The basic problems with your code have been pointed out already. Looking at it, I'm left wondering why you'd use a shared_ptr here at all, though. If I were doing it, I'd probably use something like this:
unsigned Memory::ReadUnsignedInt(unsigned address) {
unsigned ret;
ReadProcessMemory(m_hProcess.get(), (void *)address, &ret, sizeof(ret), NULL);
return ret;
}
std::vector<char> Memory::ReadBytes(unsigned address, int num) {
std::vector<char> ret(num);
ReadProcessMemory(m_hProcess.get(), (void *)address, &ret[0], num, NULL);
return ret;
}
Then again, instead of ReadUnsignedInt, I'd be tempted to use a template:
template <class T>
T Memory::Read(unsigned address) {
T ret;
ReadProcessMemory(m_hProcess.get(), (void*)address, &ret, sizeof(ret), NULL);
return ret;
}
Since you don't pass a parameter from which it can deduce the type for the template parameter, you'd always have to specify explicitly:
int x = Read<int>(wherever);
char a = Read<char>(wherever);
The alternative would be to pass the destination as a parameter:
template <class T>
Memory::Read(unsigned address, T &t) {
ReadProcessMemory(my_hProcess.get(), (void *)address, &t, sizeof(t), NULL);
};
which you'd use like:
Read(wherever, some_int);
Read(somewhere, some_long);
and so on.
If you're worried about the inefficiency of returning a vector of char, you probably shouldn't -- VC++ (like most other reasonably current compilers) has what's called a "named return value optimization", which means in a situation like this, it passes a hidden reference to the vector you assign the result to, and ReadBytes will use that to deposit the data directly where it's going to end up anyway. For that matter, with any reasonable optimization turned on at all, ReadBytes will almost certainly end up as an inline function, so nothing involved really gets "passed" or "returned" at all.

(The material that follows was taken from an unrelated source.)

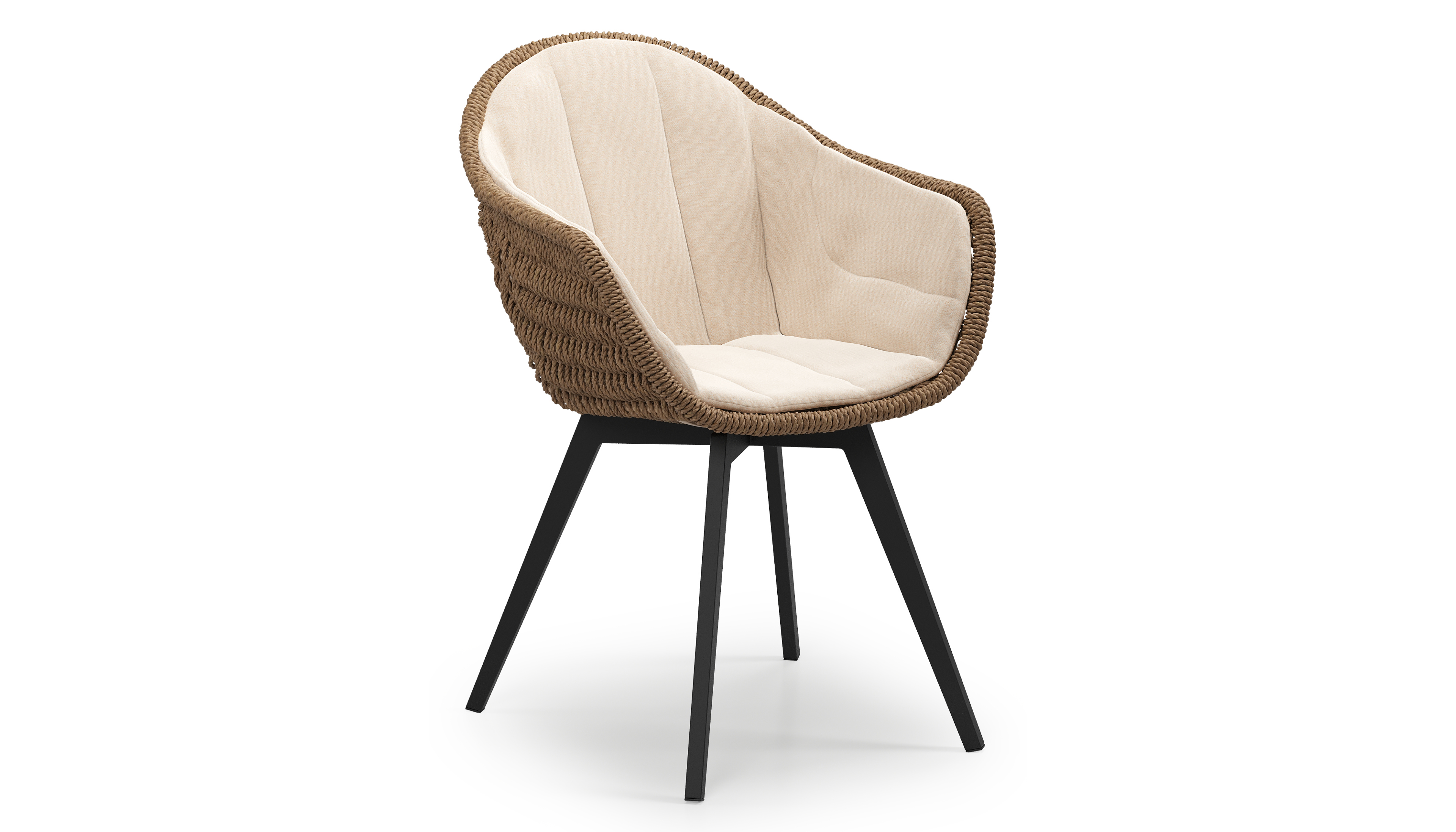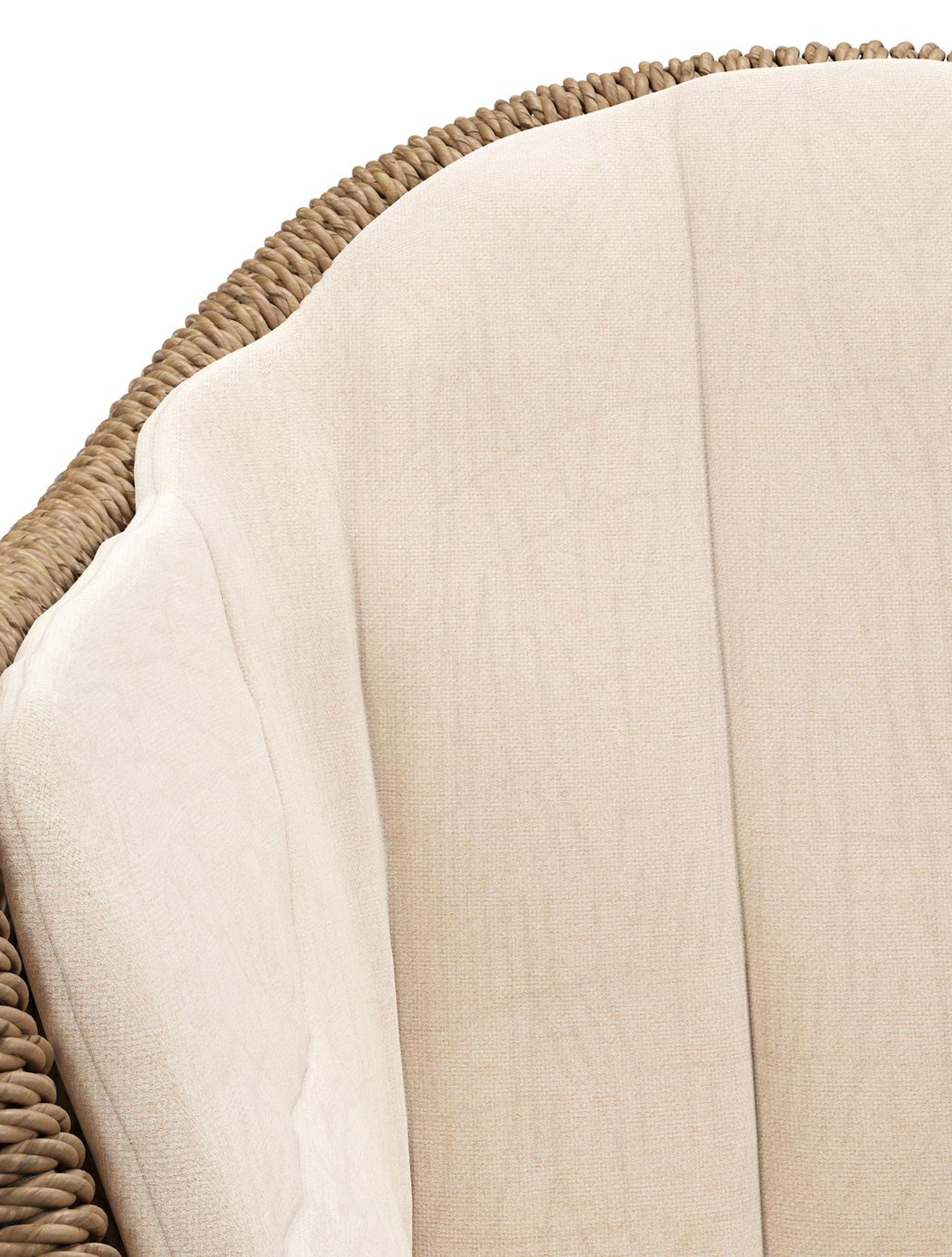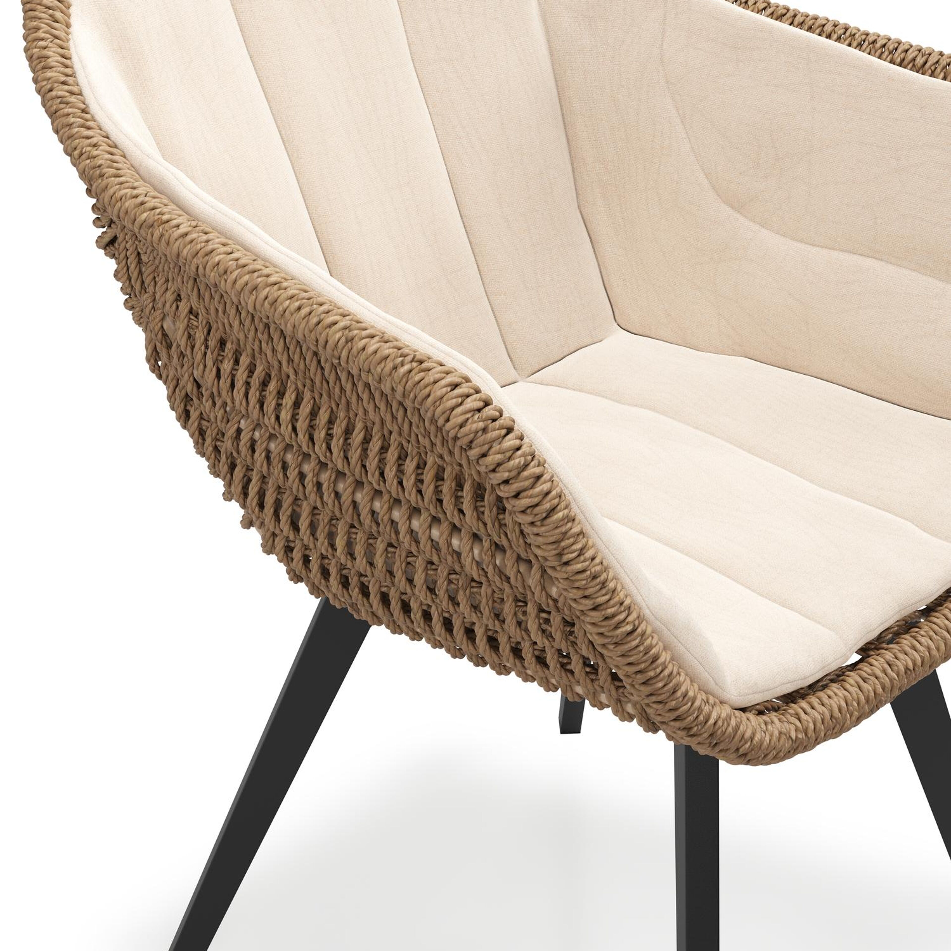 Pagino tuinstoel in zwart aluminium en bruin ronde wicker met zitkussen in All Weather Sunbrella® Luxe Natte Linen Chalk | Exterioo tuinmeubelen

On the other hand, this code won't work particularly well with older compilers -- and with old enough compilers, the versions using member template functions probably won't even compile. As long as you use a reasonably current compiler, however, life should be good.
I believe new byte(numberOfBytes) should be new byte[numberOfBytes]. Otherwise you would have allocated only one byte. Just to complete the answer, as #ephemient indicated you can not use shared_ptr here as it will do a delete where as you should do delete[]. If not done like this, the behavior will be undefined.